In the process of making them I discovered that some critters (little itty-bitty round black bugs about the size of a pinhead) were devouring my chocolate inventory. I’d seen a couple of the little black dots, moving black dots, clinging to vertical shelves in my pantry, but had no idea where they were dining. Would you believe they like my Valrhona chocolate the best? The nerve of them! And chocolate chips. And any bar type chocolate. They even got into an unopened new bag of Nestle’s chips. Darn! I’d never heard of a little bug that eats chocolate. Have any of you?
I probably tossed out about $30.00 worth of chocolate. The bugs don’t like cocoa, Dutch cocoa, or peanut butter chips. And they hadn’t gotten into the ScharffenBerger tins, thankfully. But, I had to do a bit of housecleaning, as they’d left their gritty poop all over in the unlidded plastic bin, but at least it was all contained within it.
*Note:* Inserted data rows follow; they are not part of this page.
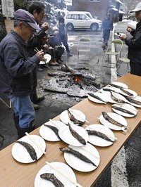 「おーい、よばれよか」。年配の人ばかり、十数人がたき火を囲み、イワシを頬張った。車の人が多く酒は飲まなくなったが、皆が集えば会話も弾む。雪景色の中、温かな時間が過ぎていった。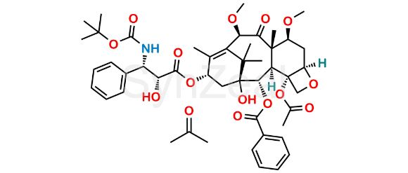 Nome Químico: (2aR,4S,4aS,6R,9S,11S,12S,12aR,12bS)-12b-Acetoxy-9-(((2R,3S)-3-((tert-butoxycarbonyl)amino)-2-hydroxy-3-phenylpropanoyl)oxy)-11-hydroxy-4,6-dimethoxy-4a,8,13,13-tetramethyl-5-oxo-2a,3,4,4a,5,6,9,10,11,12,12a,12b-dodecahydro-1H-7,11-methanocyclodeca[3,4]benzo[1,2-b]oxet-12-yl benzoate compound with propan-2-one (1:1)
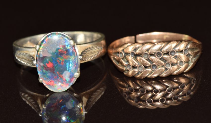 A 9k white gold ring set with an opal triplet and a 9ct gold keeper ring (both damaged), 5.4g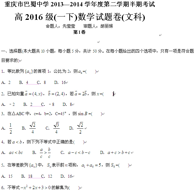 重庆市巴蜀中学2013-2014学年高一下学期期中考试(数学文)缺答案
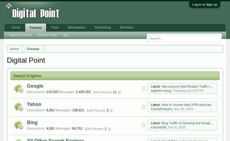 Start with the Search Engines part. You will find forums for Google, Yahoo, and Bing. These are the big three search engines. You may think of Yandex or DuckDuckGo, but Digital Point mostly cares about the U.S. crowd.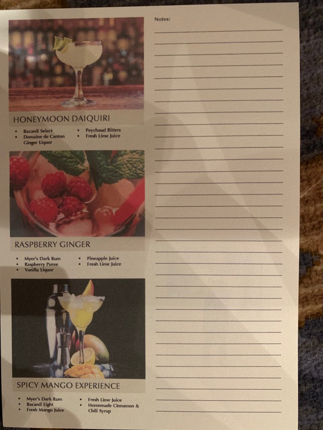 I am writing this on Monday, February 11. We attended another master class with Sebastien where he made the Honeymoon Daiquiri, Raspberry Ginger and the Spicy Mango Experience. We got to taste the Mango one. I will go to the cocktail school this afternoon too, where we will make 3 new drinks.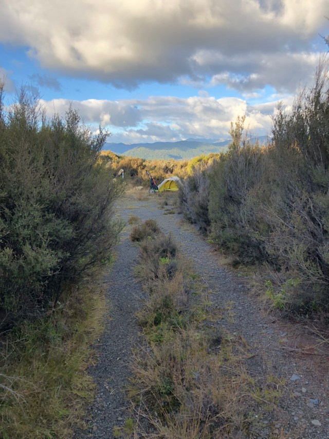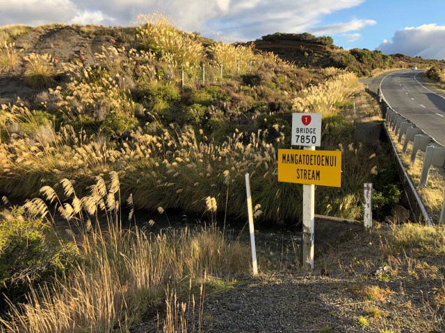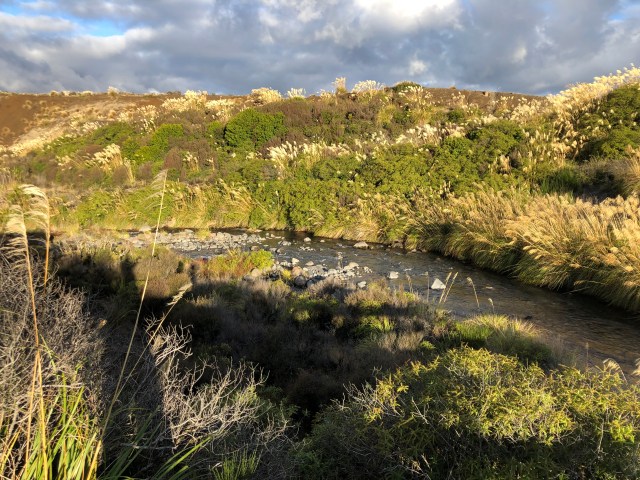 I had not really looked at my watch most of the day because I was so bundled up, but around 4:00 I decided to look for a place to camp. There are no trees and everything looks brown, but for once there were many places to camp but I wanted someplace with a wind break. I saw a dirt road next to the Mangatoetoenua Stream and followed it down. It wasn’t very long and ended at a stacks of old wood beehives. I found a nice level spot that is protected by tall bushes, and it is right next to the stream and I can hear it.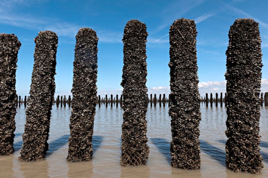Возьмем мидии, которые выращивают в Вивье-сюр-Мер на сваях-бушо, высотой 3,5 м, высаженных в открытое море. Основания свай защищены специальной «юбкой» от песка и вторжения крабов, посему беспокоят наши мидии только приливы и отливы да фермеры, что зорко следят за ними, прежде чем их собирать.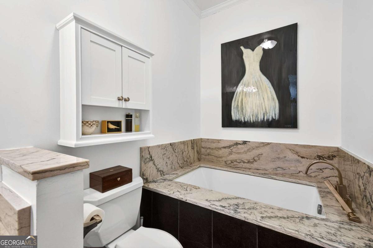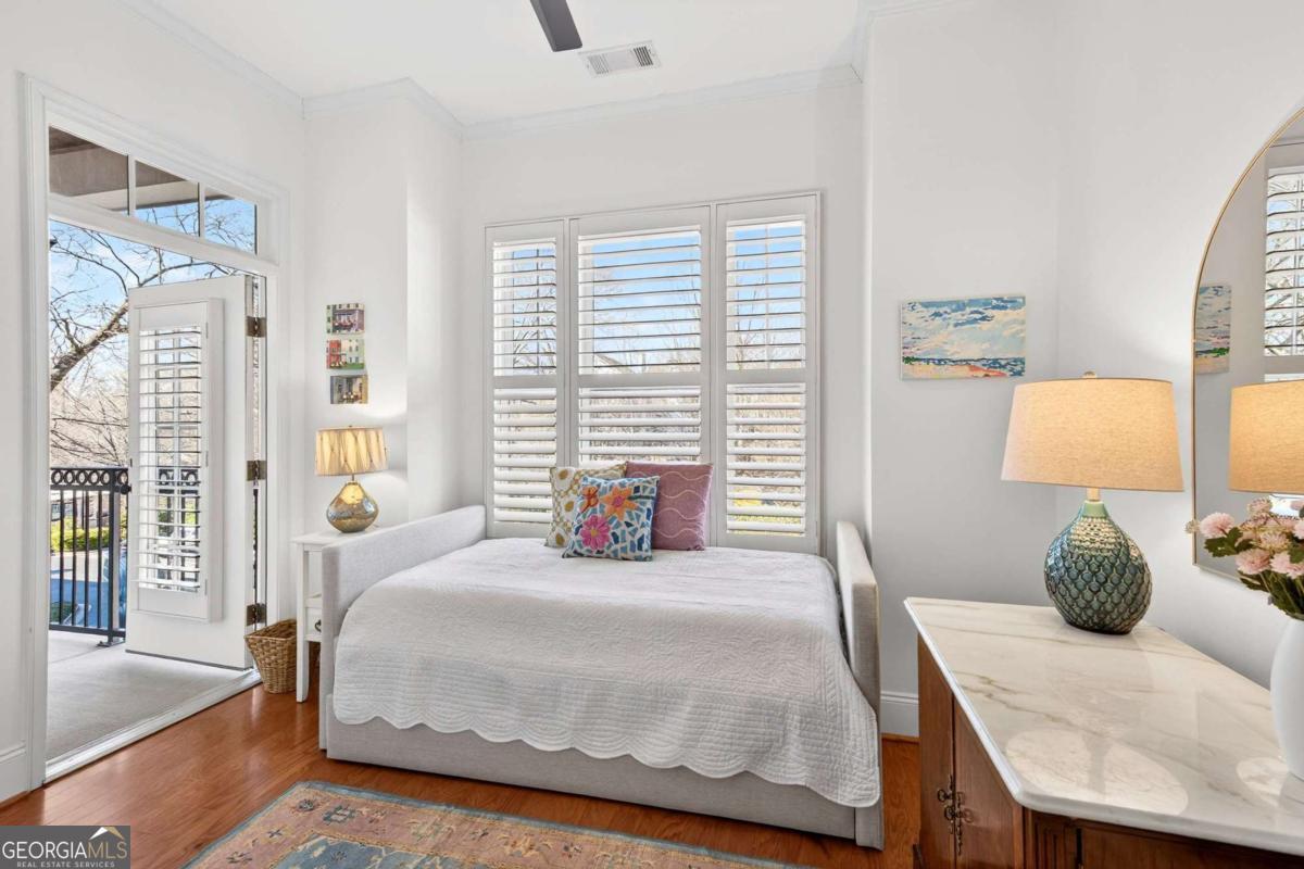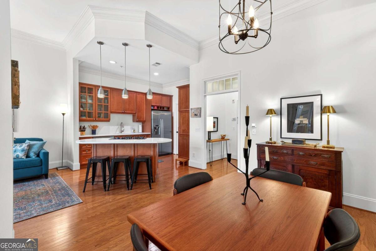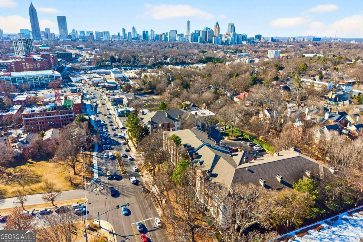 Claim your place at The Carlton and live at the heart of Intown Atlanta. Here, the BeltLine, Ponce City Market, parks, indie retailers, boutiques, and nightlife intersect-becoming effortless extensions of your living room. Just steps from the vibrant, tree-lined streets of Virginia-Highland, with Historic Inman Park and Poncey-Highland around the corner, your days unfold with true walkability-morning bakery runs, chef-driven restaurants, live theater and music, and iconic destinations like the Plaza Theatre moments away. Come home to an immaculate, move-in ready 2BR/1BA flat. A spacious, quiet rear-facing, top-floor residence offers rare privacy and soaring 10-foot ceilings & oversized transom windows that expand the light throughout the open floorplan. Fireside living and dining areas flow seamlessly into a generous gathering kitchen featuring a center island, richly stained wood cabinetry, abundant storage, and a walk-in pantry/laundry room.The renovated spa-inspired bath with limestone finishes includes double vanity, soaking tub, & separate frameless shower. A covered balcony-accessible from both the primary and secondary bedrooms-overlooks the manicured rear gardens and pool, creating a serene backdrop for morning coffee or evening unwinding. Residents enjoy secured building access, gated owner garage parking, a storage unit, electric vehicle charging station, two enclosed community dog parks, a pool, and ample guest parking-all within a well-appointed community in the heart of the BeltLine corridor. Easy access to I-85 and Midtown. Intown energy. Exceptional value. Finally, both in one address!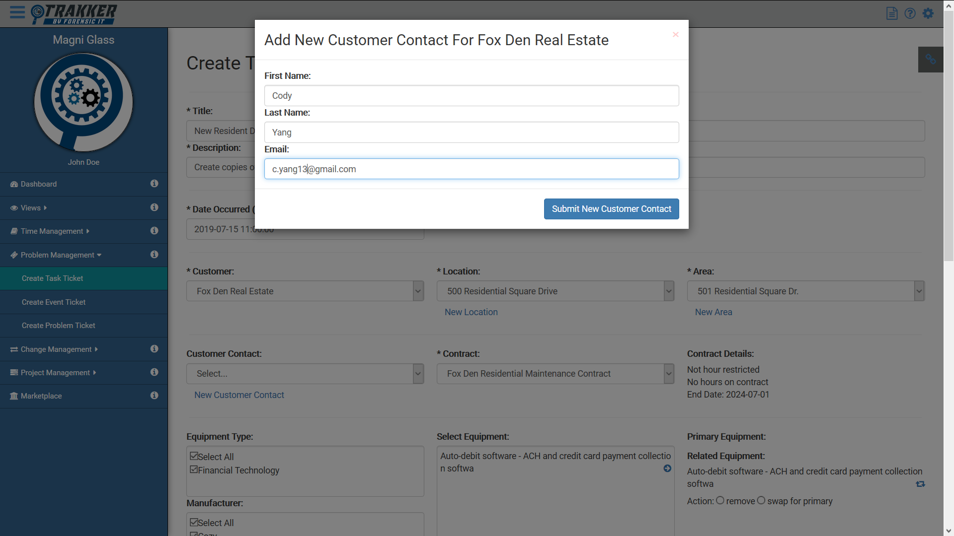 The Add Customer Contact for [Customer Name] modal will appear. - Enter the new customer contact's First Name, Last Name and Email Address in the modal fields and select "Submit New Customer Contact".

All chips are now in a sealing type plastic box and other chocolate items in two layers of freezer-ply plastic bags. I had a couple of opened bags of chocolate pieces (not chips, but square shapes) that hadn’t been touched for awhile. They were happily munching away in there too. Those were buried under a stack of other chocolate things like bags of cocoa. I have another place in my pantry where I keep bar type (German chocolate), and so far they haven’t infiltrated that space. (Although, since those are in paper wrappers, I might not notice it looking at the outside of the package. Likely I’m going to have to put all the chocolate in a well-sealing large box. Darn those critters. Container Store here I come. On Monday.